Model Overview
This model, swadeshb/Llama-3.2-3B-Instruct-CRPO-V20, is a fine-tuned variant of the meta-llama/Llama-3.2-3B-Instruct base model, featuring 3.2 billion parameters and a substantial 32768-token context length. It was developed by swadeshb and trained using the TRL framework.
Key Capabilities
- Enhanced Mathematical Reasoning: The model's primary differentiator is its training with GRPO (Gradient-based Reward Policy Optimization), a method introduced in the "DeepSeekMath" paper. This technique specifically aims to improve the model's ability to handle complex mathematical and logical reasoning tasks.

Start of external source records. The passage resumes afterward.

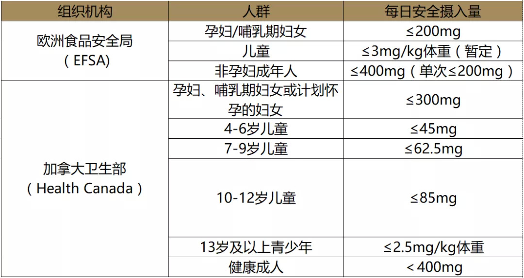 根据上表,孕妇及乳母每日摄取咖啡因不超过200mg,健康的成人应在400mg以下。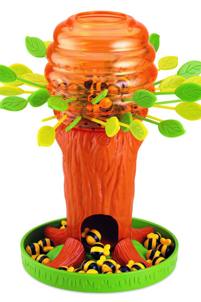 Skillfully remove the leaves without waking the bees! But be careful..if you pull out the wrong leaf, or your hand starts to shake...oops! Our pops a bee or two. Ages 3+ for 2-4 players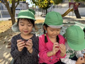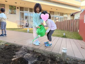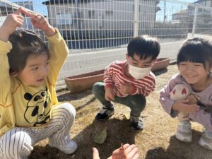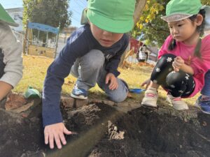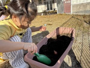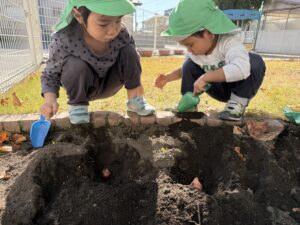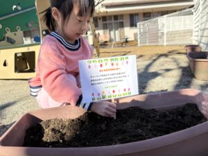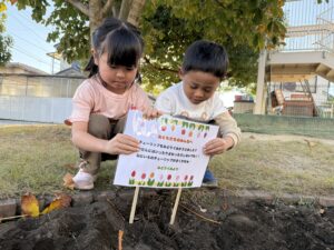 種の正体を知ったみどりぐみさんは、1人ずつチューリップの球根を植えることにしました!
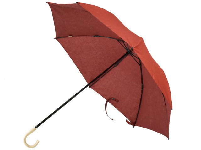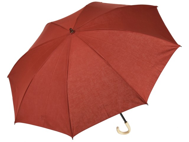 綿麻混 無地 エゴの木小曲手元の晴雨兼用折りたたみ傘(テラコッタ) 日傘 雨傘 かさ工房ワカオ 日本製 Tokyo Made WAKAO レディース 女 UVカット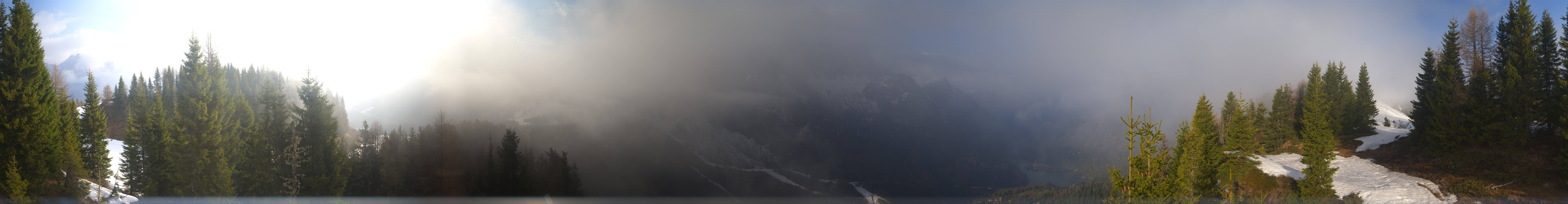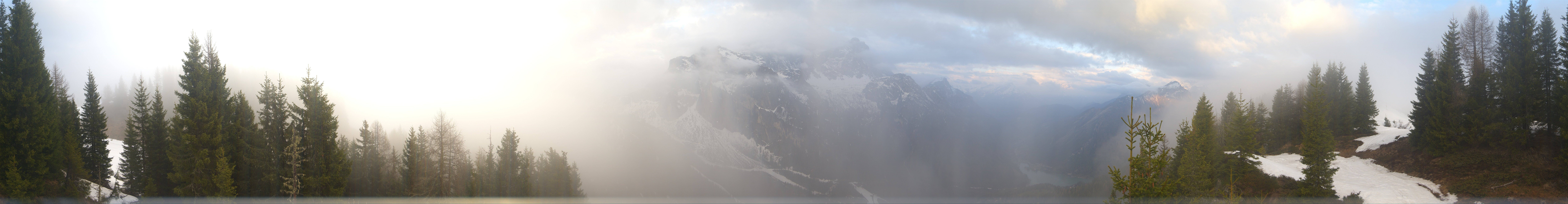 Die Panoramakamera blickt von der Bergstation des Fertazza Sessellifts auf die umliegende Bergwelt Bellunos. Zu sehen sind u.a. die Gipfel des Monte Pelmo (3168 m) und Monte Civetta (3220 m).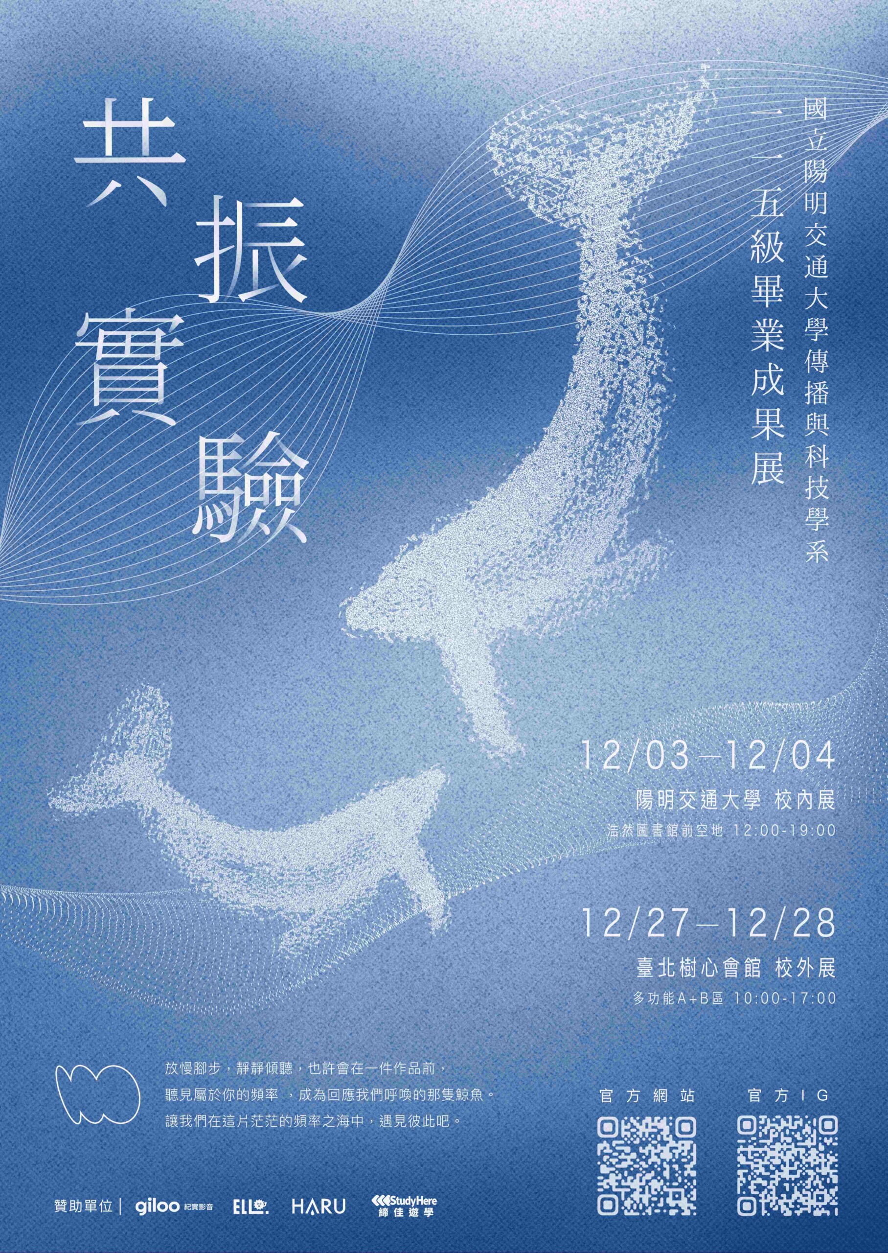 國立陽明交通大學傳播與科技學系畢業展覽將於12/3(三)、12/4(四)在校園內浩然圖書館前的大草皮展出。今年以「共振實驗」為主題,比喻每組作品如同特殊頻率的鯨魚,期望透過和觀者互動的過程,找到彼此共振的頻率,將作品背後的理念完整呈現。本屆校內展近年來首次移至戶外,設計如園遊會的擺攤形式,讓作品能與觀者更直接交流,並設計集章活動增添參與趣味。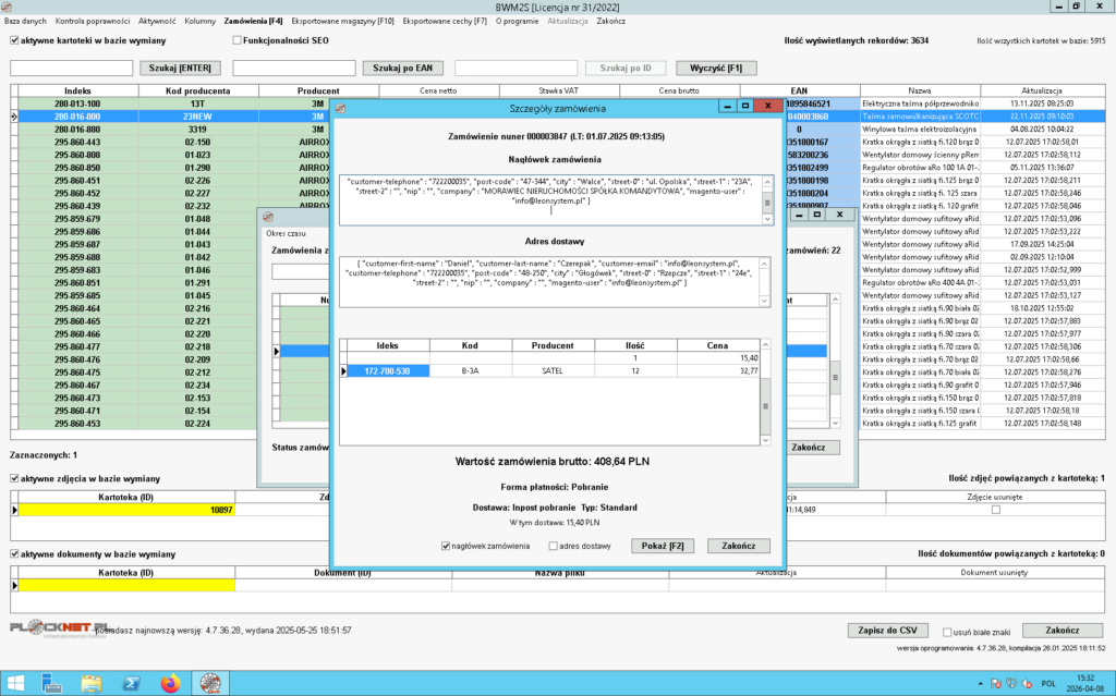 Interfejs BWM2S, pozwala ponadto sprawdzić poprawność importowanych do oprogramowania ERP zamówień pochodzących ze sklepu internetowego. W ostatniej wersji dodano możliwość edycji pola JSON z zamówieniem (danych bilingowych, jak również danych dostawy), w przypadku wystąpienia błędnych danych. Oprogramowanie pozwala na wyeksportowanie wyświetlonych rekordów do pliku CSV, w celu analizy potencjalnych błędów. BWM2S ma zaimplementowany mechanizm autoaktualizacji.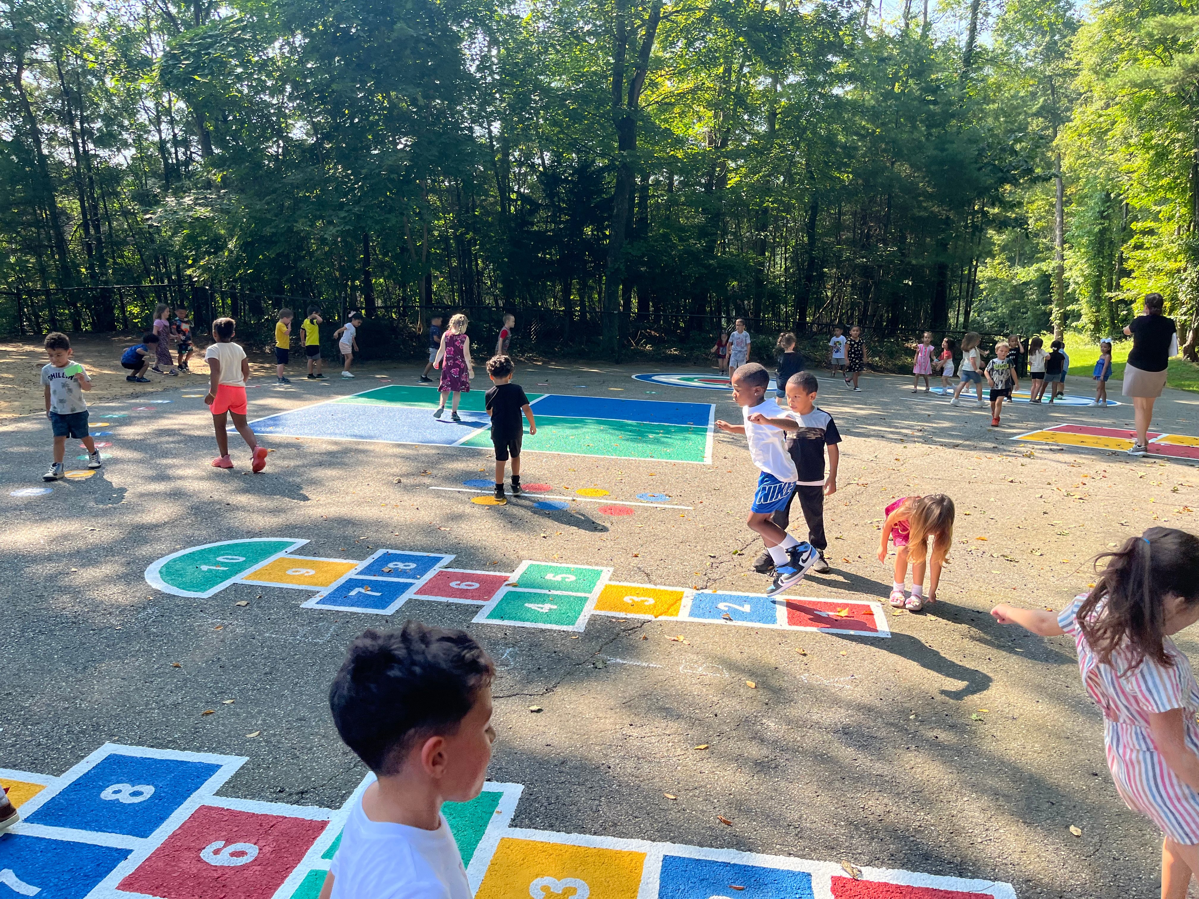 Students were welcomed back to school on Aug. 28 and 29 and explored a renovated blacktop activity space. The new blacktop space includes games such as Hopscotch and Four Square, alphabet letter paths, and more.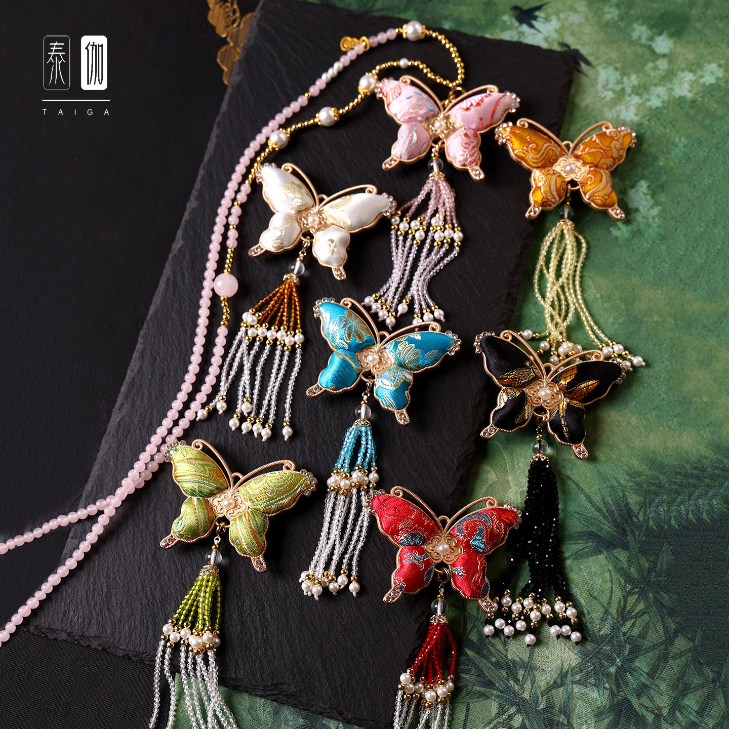 手工宋锦蝴蝶双面吊坠流苏手编绳项链国风新中式挂链旗袍汉服配链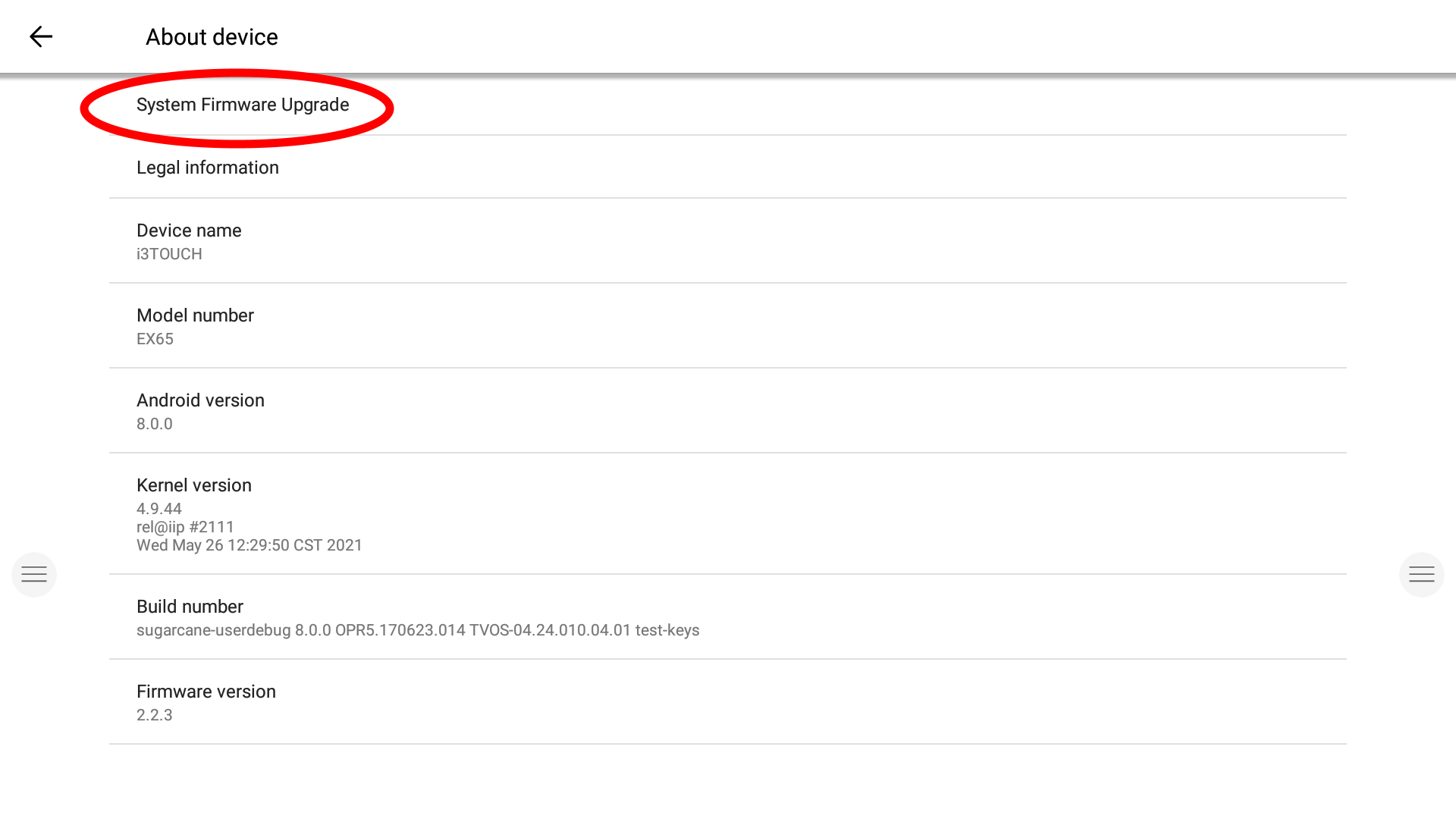Om de extra vereiste upgrade te installeren navigeert u naar het instellingenpaneel, en gaat u naar het menu "Over het apparaat". In dit menu klikt u bovenaan op "System Firmware Upgrade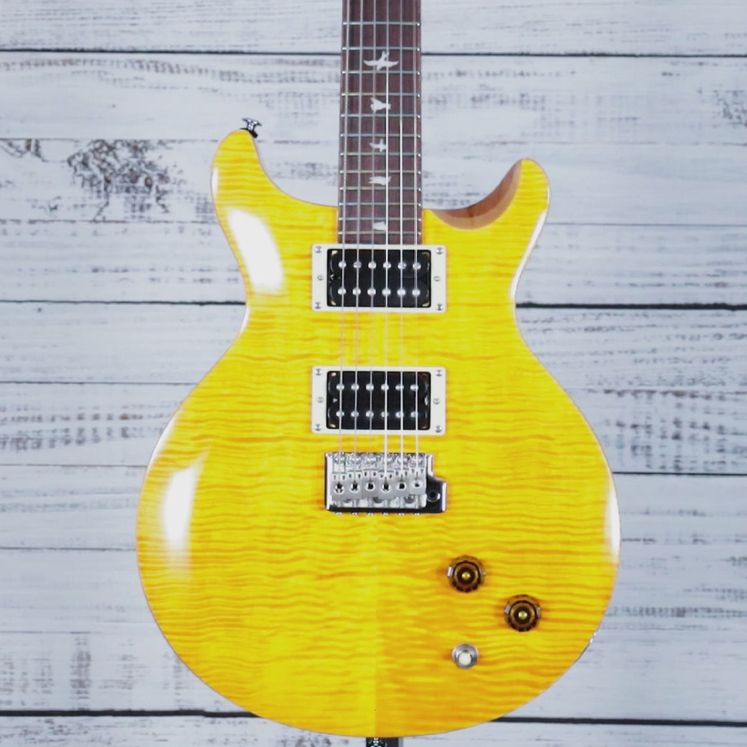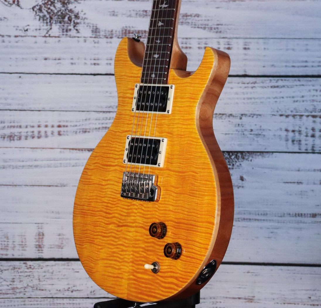 Carlos Santana’s influence as a PRS artist led to the development of our SE electric guitar series, which launched in 2001. In honor of that legacy, PRS is proud to offer the SE Santana model. The SE Santana features a 24.5” scale length on a 24 fret neck, the PRS patented molded tremolo, Santana "S" humbuckers, and the same Santana body shape silhouette as Santana’s revered American-made PRS models. We believe this guitar and its appointments honor Santana’s skill and style better than ever and offer players great quality and value. Be sure to try an SE Santana at an authorized dealer near you.

- Instruction Following: As an instruction-tuned model, it is designed to accurately follow user prompts and generate relevant responses.
- Large Context Window: The 32768-token context length allows for processing and generating longer, more complex texts while maintaining coherence.
Good For
- Mathematical Problem Solving: Ideal for applications requiring strong mathematical reasoning, such as solving equations, logical puzzles, or generating step-by-step solutions.
- Complex Instruction Following: Suitable for tasks where detailed and nuanced instructions need to be interpreted and executed precisely.
- General Conversational AI: Can be used for various instruction-based text generation tasks, leveraging its Llama-3.2 foundation.